Colin: I mean we started playing festivals and raves as a hip-hop group and just like seeing the music that like other producers were making and playing on these huge sound systems, and just the reactions they were getting from the crowd. And the reaction that we were having to it.
It was just like, we got really into it, and all of a sudden that was the kind of music we were listening to more. And that was just inspiring what we were doing. Things just kind of naturally took a turn like that for us, and all of a sudden we were making totally different stuff from when we started out making.

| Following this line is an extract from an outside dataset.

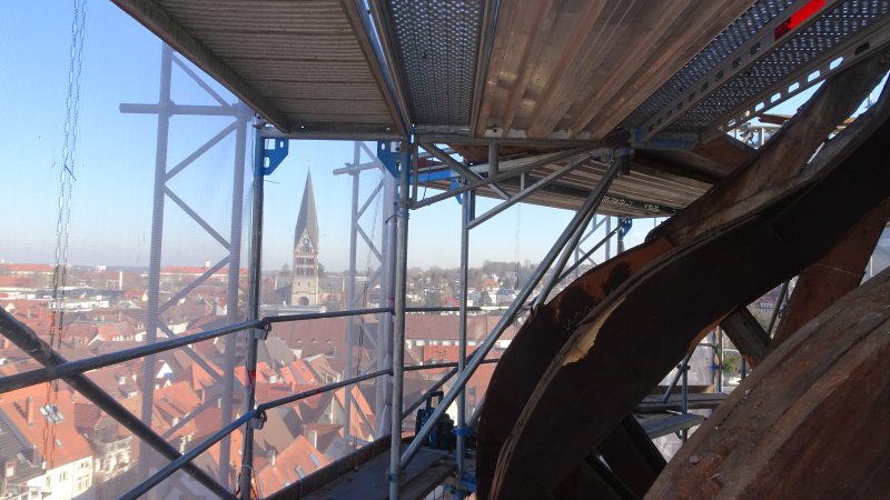 Demontage Holzkonstruktion Turm der Kirche St. Martin

Lee: We had been making hip hop music for like 15 years. I mean, we started off in high school. Touring around with the Sweatshop Union. And I think the group itself, Sweatshop Union, was kinda coming to an end with the other guys all having families and other parts of their lives. But me and him, we were just getting involved and influenced by a whole new set of festivals and music that was coming out at the time that we just didn’t want to stop. And keep evolving.
Colin: I mean, I think for us, part of our sound and what we really like about music, and one thing that attracts us to music, both as listeners and watching other people perform, is kind of like an energy and excitement thing. And so, coming into this world, like the shows were hype, the crowds were hype, everyone was connecting and getting right into it, ya know what I mean? Whereas, at that point when we were kinda doing hip-hop, you didn’t really get that…
Lee: …that primal energy. The music had gotten kinda subdued a bit, it had become either mainstream or some of it super underground, but the energy itself had really taken a dip.
What inspires your music now?
Colin: I mean, I guess, still the same kind of thing: that excitement and energy. I think that’s one thing I love about music and why I continue to do it. It makes me feel alive and excited about life. It totally gives you like a refreshed outlook on life. You know when you go to a good show and you hear a rad song, it just cranks up the volume on life in general.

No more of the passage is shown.